Working memory (WM) processes support the on-line maintenance and manipulation of information in the absence of external stimulation (Baddeley, 1986). Results from a number of studies suggest that WM is capacity limited (Miller, 1956; Luck and Vogel, 1997; Cowan, 2001; Irwin and Zelinsky, 2002), but expertise can effectively increase WM capacity for stimuli within the expert domain (Chase and Simon, 1973; Ericsson and Kintsch, 1995). For example, chess experts can encode and maintain complex configurations of pieces on a chess board (Chase and Simon, 1973), but their enhanced visual memory performance is specific to the domain of chess. Little is known about the neural mechanisms by which expertise might influence WM, but available evidence suggests at least two possibilities.
Neuroimaging research has focused on the effects of perceptual expertise acquisition in occipitotemporal cortex (OTC), showing that activation in at least two regions [the fusiform face area (FFA) and the lateral occipital complex (LOC)] is enhanced during perceptual processing of expert-domain objects (Gauthier et al., 1999, 2000; Grill-Spector et al., 2004; Xu, 2005). Thus, increased WM performance in experts might reflect tuning of posterior cortical areas with training, which in turn decreases the need for executive control during maintenance of task-relevant information. Accordingly, tuning of visual object representations in OTC during expertise acquisition might support more efficient and automated encoding and maintenance of expert-domain objects.
Neuroimaging studies have not investigated the effects of expertise acquisition in regions outside of OTC. Psychological models suggest that expertise should be associated with the development of executive memory skills that guide the encoding and maintenance of domain-specific information (Ericsson and Kintsch, 1995; Gobet, 1998). Dorsolateral prefrontal cortex (DLPFC) has been shown to play a role in directing efficient (Bor et al., 2003, 2004; Olesen et al., 2004; Bor and Owen, 2006) and successful (Pessoa et al., 2002; Sakai et al., 2002) WM encoding and maintenance. Additionally, activity in the intraparietal sulcus (IPS) has been shown to be modulated by the amount (Todd and Marois, 2004) and complexity (Xu and Chun, 2006) of visual information that is encoded and maintained in WM. Thus, we hypothesized that the development of memory skills might be associated with increased prefrontal and parietal recruitment.

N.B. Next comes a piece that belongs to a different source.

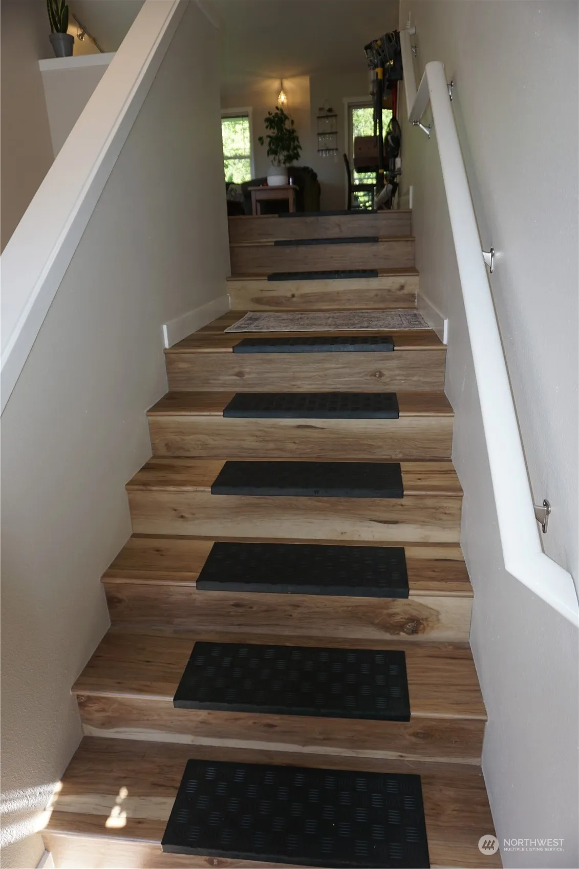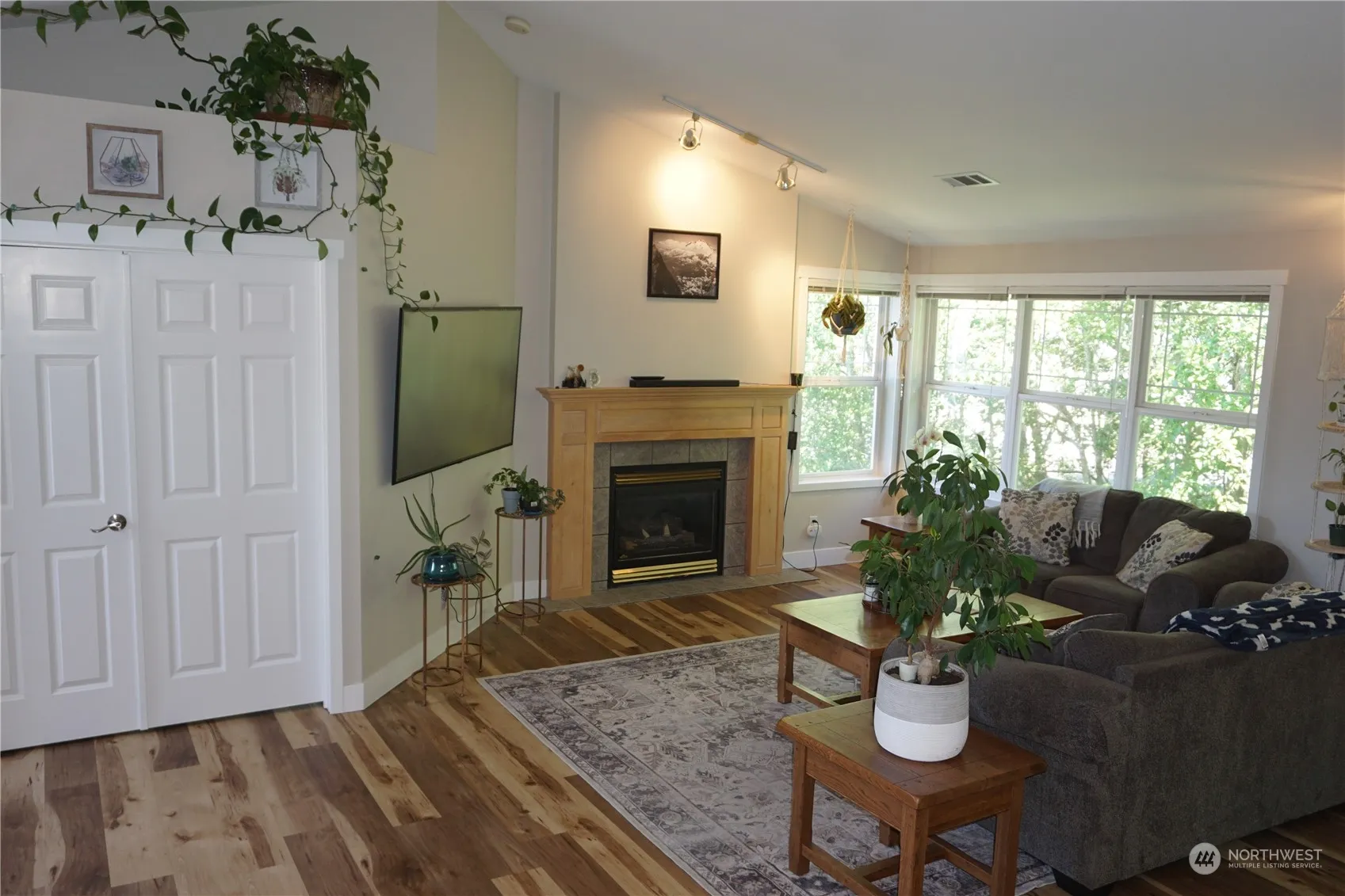 Open Bright Floorplan nestled in a Serine well maintained community welcomes you home. Two car garage and entryway at street level and all living space on the second floor (primary, guest, + den/office/hobby room.) Recently added upgrades include heat pump with two ductless mini-split units providing ample efficient heat and cooling, luxury vinyl plank flooring, carpet and interior paint. Enjoy the privacy of the greenbelt behind this unit that this selected unit faces. Primary included dual closets, (one walk-in), and large bathroom with double sink vanity. Close and convenient to walking trails, parks, and amenities.

Here, we used event-related functional magnetic resonance imaging (fMRI) to determine the extent to which the effects of expertise on WM reflect plasticity in OTC, DLPFC, and IPS. We trained participants for >10 h to acquire expertise with a category of abstract visual objects. After training, they were scanned while performing a WM task with stimuli from the expert category and stimuli from an untrained category (see Fig. 1A). Next, participants completed a behavioral experiment to further assess perceptual processing of stimuli from the expert and untrained categories (see Fig. 1B). Analyses of the fMRI data then examined the effects of expertise acquisition on activation in OTC, DLPFC, and IPS during WM encoding and maintenance.
Materials and Methods
Subjects.
Eleven right-handed subjects (three females and eight males) were recruited from the University of California Davis undergraduate student population. In addition to these subjects, 11 control subjects participated in one behavior-only testing session (for comparison of performance with the 11 experts on the last day of training). Each subject provided informed consent before participation in the expertise training and fMRI experiment.
Stimuli.
Two categories of novel stimuli were generated as structures of polygons in MATLAB (MathWorks, Natick, MA). Each category was constructed from the same set of polygons, but the categories differed in the orientation and configuration of these parts. Within each category, 800 individual exemplars were generated by varying a prototype object along 40 feature dimensions (e.g., the width of a polygon) along a normal distribution. Each category was divided into four families, with each family having a distinctively extreme set of features. Three of the four families were used during training, and the fourth was used during scanning. For each of the 800 stimuli, foil stimuli were created at three difficulty levels, which differed from their respective exemplars along 30, 20, and 10 dimensions, respectively. These stimuli were used during the discrimination training tasks and allowed for the task difficulty to be increased as subjects progressed through their expertise training.
Expertise training.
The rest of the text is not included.